*Input:*
== Segment start ==

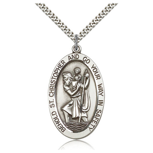 This jumbo oval St Christopher medal is made of sterling silver. Dimensions: 1 5/8in x 1in. 24-inch stainless steel, endless heavy curb chain with silver plating. This item is the size of a half dollar. Inscription: BEHOLD ST. CHRISTOPHER AND GO YOUR WAY IN SAFETY. Made in USA.
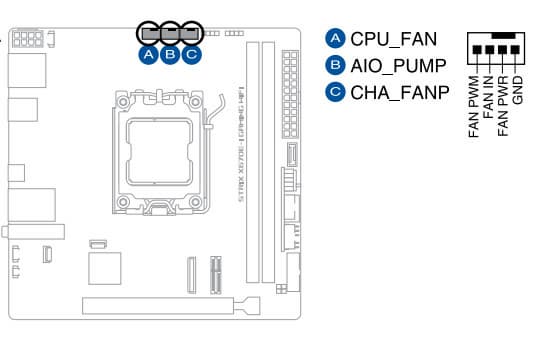 Вентиляторы включаются по сути только при старте ПК, ну и при очень высокой нагрузке на CPU (при активном авторазгоне AMD PBO).
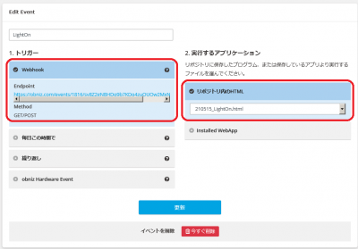 最終的にobnizのリポジトリに登録した内容で、サーバーレスイベントからこれを呼び出す形になります。
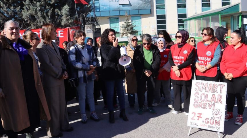 Meclisa Jinan a Partiya Wekhevî û Demokrasiya Gelan (DEM Partî) serdana karkerên Smart Solar kir ku 26 roj in li navçeya Gebze ya Kocaeli di berxwedanê de ne. Piştî serdanê, li Dilovasiyê li ber deriyê kargeha Ravive Kozmetîkê, ku di şewata derketî de 6 kes, 3 jê zarok, jiyana xwe ji dest dabûn, daxuyaniya çapemeniyê hate dayîn. Berdevka Meclisa Jinan a DEM Partiyê Halîde Turkoglu, Parlamentera Stenbolê Kezban Konukçu û gelek jin beşdarî daxuyaniyê bûn.
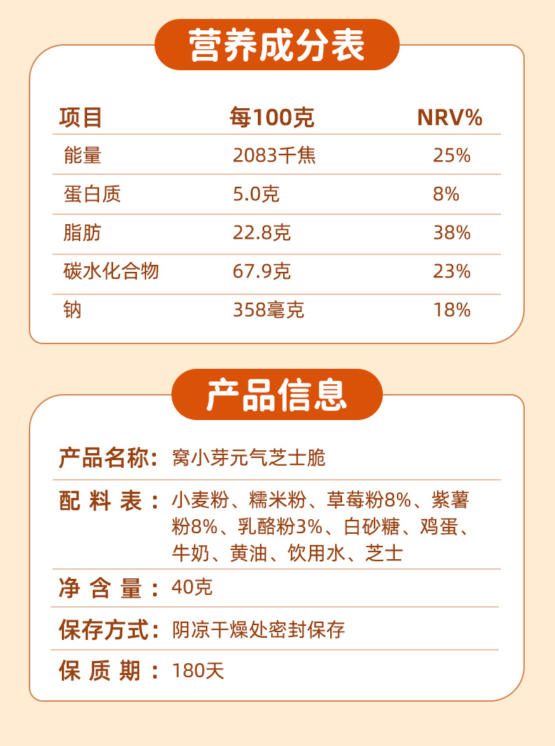 这款窝小芽元气芝士脆,是一款果蔬奶酪磨牙棒饼干,使用荷兰进口帕玛森芝士、优质小麦粉、全脂乳粉为主料,运用恒温烘焙技术物理膨化而成,非油炸更健康,口感酥脆。
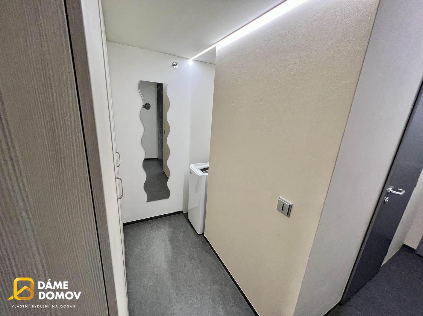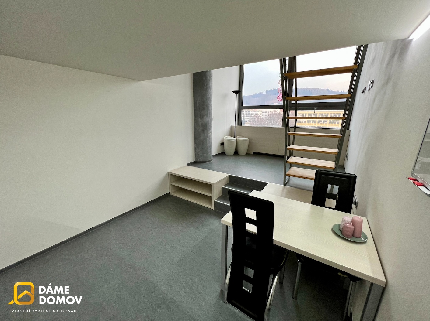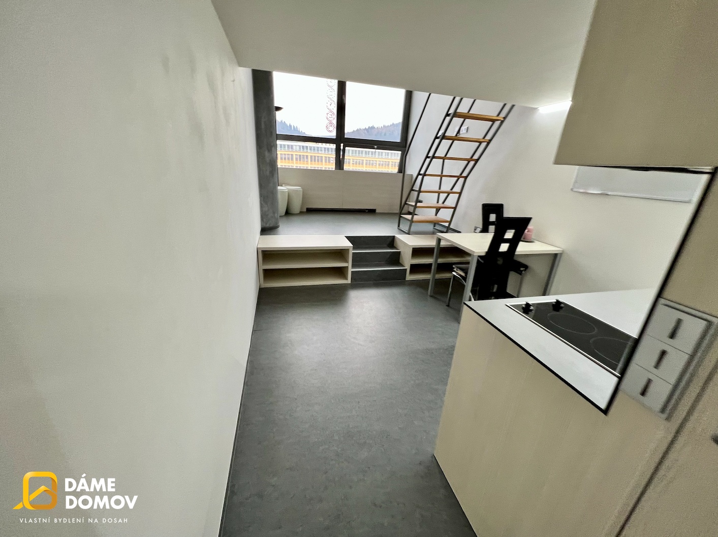 Byt je loftový a je dispozičně řešen jako 2+kk, kdy ve spodní části bytu je koupelna, šatna, kuchyň, obývací pokoj a v horní části pak ložnice s části pro pracovnu a vestavěné skříně.
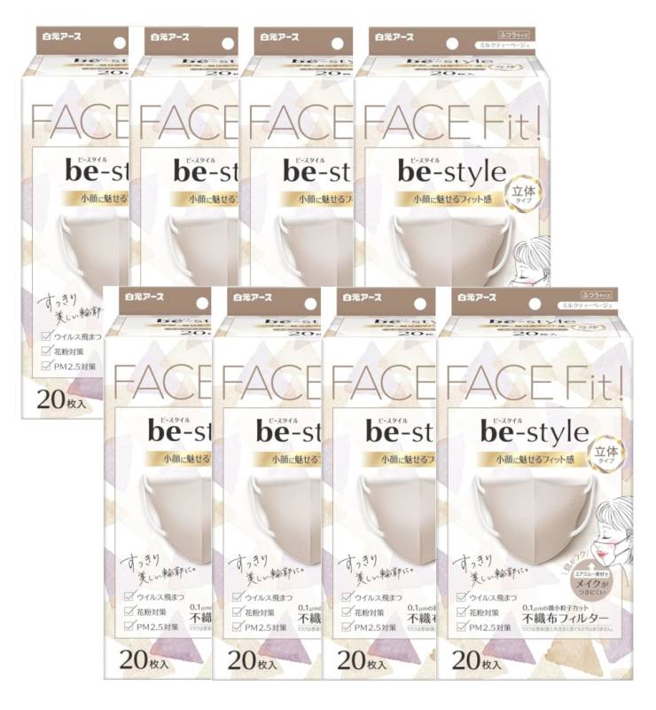be-style ビースタイル 立体マスク ふつうサイズ ミルクティーベージュ 20枚入×8【8個セット】送料無料 メイクがつきに...
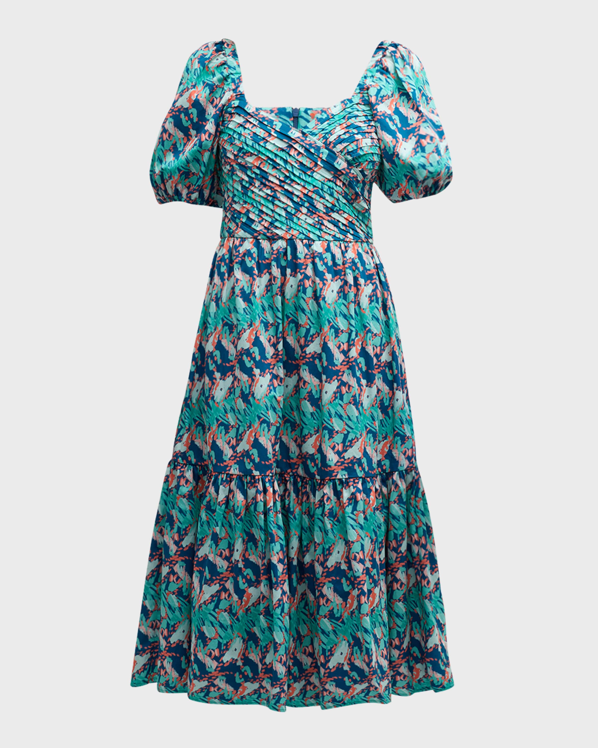 Atelier 17.56 Concordia Puff-Sleeve Abstract-Print Midi Dress

== Segment end ==

*Assignment:*
Skip the pictures and print each record exactly as it stands.

*Written answer:*
 This jumbo oval St Christopher medal is made of sterling silver. Dimensions: 1 5/8in x 1in. 24-inch stainless steel, endless heavy curb chain with silver plating. This item is the size of a half dollar. Inscription: BEHOLD ST. CHRISTOPHER AND GO YOUR WAY IN SAFETY. Made in USA.
 Вентиляторы включаются по сути только при старте ПК, ну и при очень высокой нагрузке на CPU (при активном авторазгоне AMD PBO).
 最終的にobnizのリポジトリに登録した内容で、サーバーレスイベントからこれを呼び出す形になります。
 Meclisa Jinan a Partiya Wekhevî û Demokrasiya Gelan (DEM Partî) serdana karkerên Smart Solar kir ku 26 roj in li navçeya Gebze ya Kocaeli di berxwedanê de ne. Piştî serdanê, li Dilovasiyê li ber deriyê kargeha Ravive Kozmetîkê, ku di şewata derketî de 6 kes, 3 jê zarok, jiyana xwe ji dest dabûn, daxuyaniya çapemeniyê hate dayîn. Berdevka Meclisa Jinan a DEM Partiyê Halîde Turkoglu, Parlamentera Stenbolê Kezban Konukçu û gelek jin beşdarî daxuyaniyê bûn.
 这款窝小芽元气芝士脆,是一款果蔬奶酪磨牙棒饼干,使用荷兰进口帕玛森芝士、优质小麦粉、全脂乳粉为主料,运用恒温烘焙技术物理膨化而成,非油炸更健康,口感酥脆。
 Byt je loftový a je dispozičně řešen jako 2+kk, kdy ve spodní části bytu je koupelna, šatna, kuchyň, obývací pokoj a v horní části pak ložnice s části pro pracovnu a vestavěné skříně.
be-style ビースタイル 立体マスク ふつうサイズ ミルクティーベージュ 20枚入×8【8個セット】送料無料 メイクがつきに...
 Atelier 17.56 Concordia Puff-Sleeve Abstract-Print Midi Dress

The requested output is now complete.